The 33rd Division was one of the divisions of the Spanish Republican Army that were organized during the Spanish Civil War on the basis of the Mixed Brigades. It was deployed on the Aragon and Guadalajara fronts.

== History ==
The unit was created on April 28, 1937, as a reserve division of the Eastern Army. Command of the unit fell to Eduardo Medrano Rivas. The unit was later assigned to the IV Army Corps, covering the Guadalajara front. The 33rd Division played a minor role during the contest.

== Command ==
- Commanders
- Eduardo Medrano Rivas;
- José Sabín Pérez;
- José Ramón Poveda;
- José Luzón Morales;

- Commissars
- José Barberá Bonet;
- José Robusté Parés, of the PS;
- Bartolomé Muñoz Llizo, of the PSOE;

- Chiefs of Staff
- Enrique Justo Luengo;
- Luis Vicente Galera;

== Order of battle ==

| Date | Attached Army Corps | Integrated Mixed Brigades | Battle front |
|---|---|---|---|
| June 1937 | Eastern Army | 136th, 138th and 139th | Aragon |
| April 30, 1938 | IV Army Corps | 98th, 136th and 138th | Guadalajara |
| November 1938 | IV Army Corps | 65th, 136th and 138th | Guadalajara |

==Bibliography==
- Alpert, Michael (2013). "The Republican Army in the Spanish Civil War, 1936-1939"
- Álvarez, Santiago (1989). "Los comisarios políticos en el Ejército Popular de la República"
- Engel, Carlos (1999). "Historia de las Brigadas Mixtas del Ejército Popular de la República"
- Maldonado, José M.ª (2007). "El frente de Aragón.

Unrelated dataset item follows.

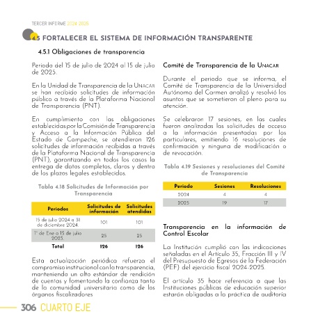 entrega de datos completos, claros y dentro Tabla 4.19 Sesiones y resoluciones del Comité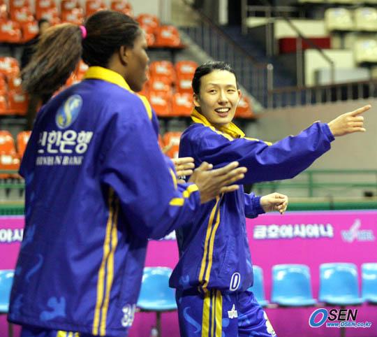 27일 서울 장충체육관서 벌어진 2006 금호아시아나배 여자 프로농구 겨울리그 신한은행-신세계전서 70-51로 낙승을 거둔 신한은행의 전주원이 맥윌리엄스에게 손짓을 써가며 말하고 있다./장충체=주지영 기자 jj0jj0@osen.co.kr [Copyright ⓒ 한국 최고의 스포츠 전문 미디어 OSEN(www.osen.co.kr) 무단전재 및 재배포 금지]

La Guerra Civil en Aragón (1936–1938)"
- Martínez Bande, José Manuel (1981). "La batalla de Pozoblanco y el cierre de la bolsa de Mérida"
- Salas Larrazábal, Ramón (2006). "Historia del Ejército Popular de la República"
- Zaragoza, Cristóbal (1983). "Ejército Popular y Militares de la República, 1936-1939"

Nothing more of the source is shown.